The spatial linear model for point-referenced data (i.e., geostatistical model) can be written as \(y = X \beta + \tau + \epsilon\), where \(X\) is the fixed effects design matrix, \(\beta\) are the fixed effects, \(\tau\) is random error that is spatially dependent, and \(\epsilon\) is random error that is spatially independent. Together, \(\tau\) and \(\epsilon\) are modeled using a spatial covariance function, expressed as \(de * R + ie * I\), where \(de\) is the dependent error variance, \(R\) is a correlation matrix that controls the spatial dependence structure among observations, \(ie\) is the independent error variance, and \(I\) is an identity matrix.
spcov_type
Details: Parametric forms for \(R\) are given below, where \(\eta = h / range\)
for \(h\) distance between observations:
exponential: \(exp(- \eta )\)
spherical: \((1 - 1.5\eta + 0.5\eta^3) * I(h <= range)\)
gaussian: \(exp(- \eta^2 )\)
triangular: \((1 - \eta) * I(h <= range)\)
circular: \((1 - (2 / \pi) * (m * sqrt(1 - m^2) + sin^{-1}(m))) * I(h <= range), m = min(\eta, 1)\)
cubic: \((1 - 7\eta^2 + 8.75\eta^3 - 3.5\eta^5 + 0.75\eta^7) * I(h <= range)\)
pentaspherical: \((1 - 1.875\eta + 1.25\eta^3 - 0.375\eta^5) * I(h <= range)\)
cosine: \(cos(\eta)\)
wave: \(sin(\eta) / \eta * I(h > 0) + I(h = 0)\)
jbessel: \(Bj(h * range)\), Bj is Bessel-J function
gravity: \((1 + \eta^2)^{-0.5}\)
rquad: \((1 + \eta^2)^{-1}\)
magnetic: \((1 + \eta^2)^{-1.5}\)
matern: \(2^{1 - extra}/ \Gamma(extra) * \alpha^{extra} * Bk(\alpha, extra)\), \(\alpha = (2extra * \eta)^{0.5}\), Bk is Bessel-K function with order \(1/5 \le extra \le 5\)
cauchy: \((1 + \eta^2)^{-extra}\), \(extra > 0\)
pexponential: \(exp(h^{extra}/range)\), \(0 < extra \le 2\)
none: \(0\)
All spatial covariance functions are valid in one spatial dimension.
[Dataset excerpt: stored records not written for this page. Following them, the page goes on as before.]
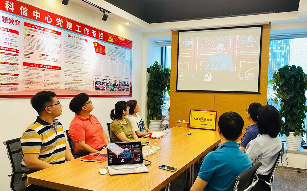 中心组织全体员工在中心会议室通过现场直播观看庆祝中国共产党成立100周年大会盛况,听取并学习中共中央总书记、国家主席、中央军委主席习近平重要讲话精神,共同回顾百年征程波澜壮阔,体会百年初心历久弥坚。会上,习近平总书记代表党和人民庄严宣告,“经过全党全国各族人民持续奋斗,我们实现了第一个百年奋斗目标,在中华大地上全面建成了小康社会,历史性地解决了绝对贫困问题,正在意气风发向着全面建成社会主义现代化强国的第二个百年奋斗目标迈进。这是中华民族的伟大光荣!这是中国人民的伟大光荣!这是中国共产党的伟大光荣!”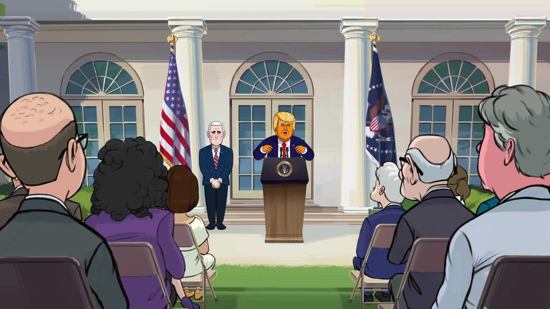 A hilarious look into the Trump presidency, animation style. Starring two-dimensional avatars of Donald Trump and his merry band of insiders and family members, this cutting-edge comedy presents the truish adventures of Trump, his confidants and bon vivants through the eyes of an imaginary documentary crew.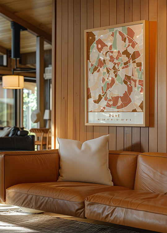 Een suggestieve stadsplattegrond van Rome in aardetinten: dicht stratennetwerk, elegante rivierlijnen en karakteristieke wijken getekend in diepzwarte velden en warme, gedempte tinten. Emiliano Deificus combineert grafische precisie en poëtische rust in een minimalistische expressie die zowel moderne als klassieke ruimtes naar een hoger niveau tilt. Perfect als eyecatcher in de woonkamer, kantoor of inkomhal.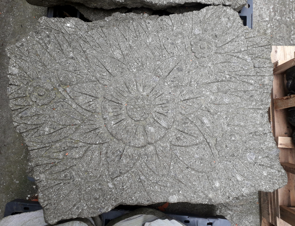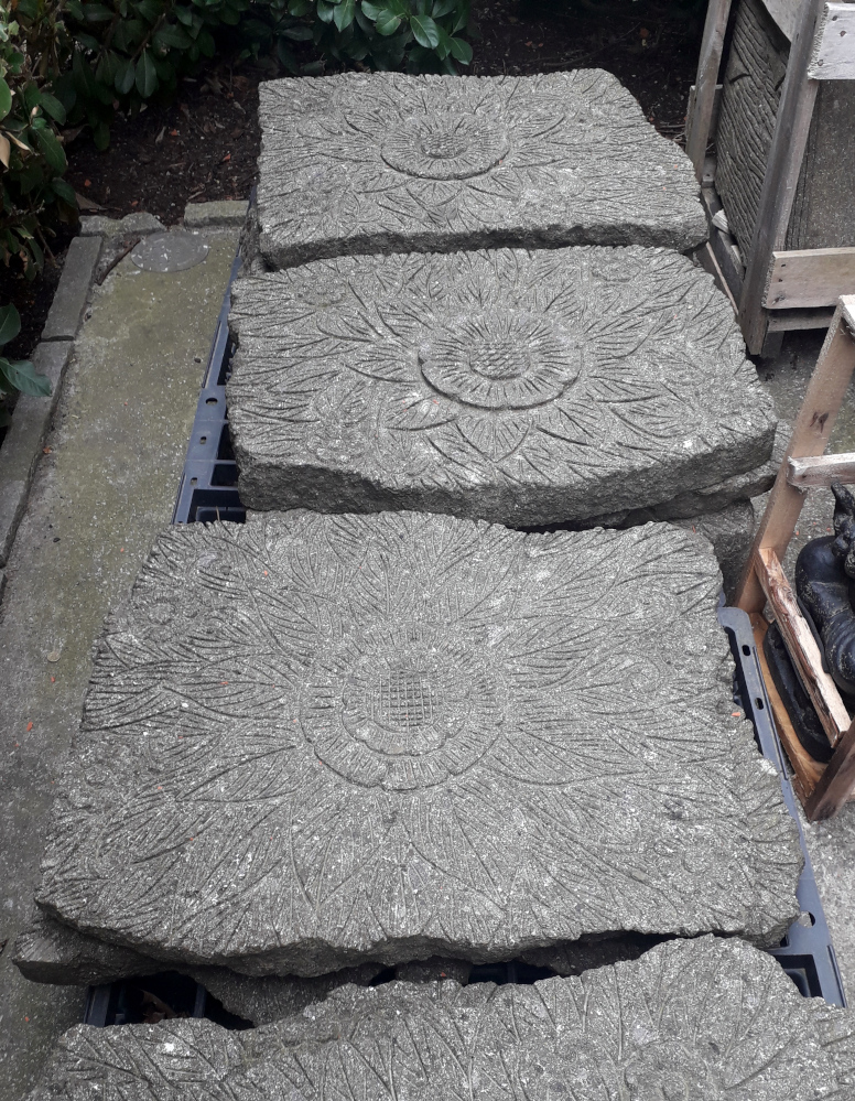 Wieder da: Steinplatten aus frostsicherem Lavastein, eingraviert eine stilisierte Lotusblüte, gut geeignet z.B. für einen Gartenweg oder als Zierplatte, Symbolfotos – da jedes Stück ein Einzelstück!

All
spatial covariance functions except triangular
and cosine
are
valid in two dimensions.
estmethod
Details: The various estimation methods are
reml
: Maximize the restricted log-likelihood.
ml
: Maximize the log-likelihood.
sv-wls
: Minimize the semivariogram weighted least squares loss.
sv-cl
: Minimize the semivariogram composite likelihood loss.
anisotropy
Details: By default, all spatial covariance parameters except rotate
and scale
as well as all random effect variance parameters
are assumed unknown, requiring estimation. If either rotate
or scale
are given initial values other than 0 and 1 (respectively) or are assumed unknown
in spcov_initial()
, anisotropy
is implicitly set to TRUE
.
(Geometric) Anisotropy is modeled by transforming a covariance function that
decays differently in different directions to one that decays equally in all
directions via rotation and scaling of the original coordinates. The rotation is
controlled by the rotate
parameter in \([0, \pi]\) radians. The scaling
is controlled by the scale
parameter in \([0, 1]\). The anisotropy
correction involves first a rotation of the coordinates clockwise by rotate
and then a
scaling of the coordinates' minor axis by the reciprocal of scale
. The spatial
covariance is then computed using these transformed coordinates.
random
Details: If random effects are used (the estimation method must be "reml"
or
"ml"
), the model
can be written as \(y = X \beta + Z1u1 + ... Zjuj + \tau + \epsilon\),
where each Z is a random effects design matrix and each u is a random effect.
partition_factor
Details: The partition factor can be represented in matrix form as \(P\), where
elements of \(P\) equal one for observations in the same level of the partition
factor and zero otherwise. The covariance matrix involving only the
spatial and random effects components is then multiplied element-wise
(Hadmard product) by \(P\), yielding the final covariance matrix.
local
Details: The big data approximation works by sorting observations into different levels
of an index variable. Observations in different levels of the index variable
are assumed to be uncorrelated for the purposes of model fitting. Sparse matrix methods are then implemented
for significant computational gains. Parallelization generally further speeds up
computations when data sizes are larger than a few thousand. Both the "random"
and "kmeans"
values of method
in local
have random components. That means you may get slightly different
results when using the big data approximation and rerunning splm()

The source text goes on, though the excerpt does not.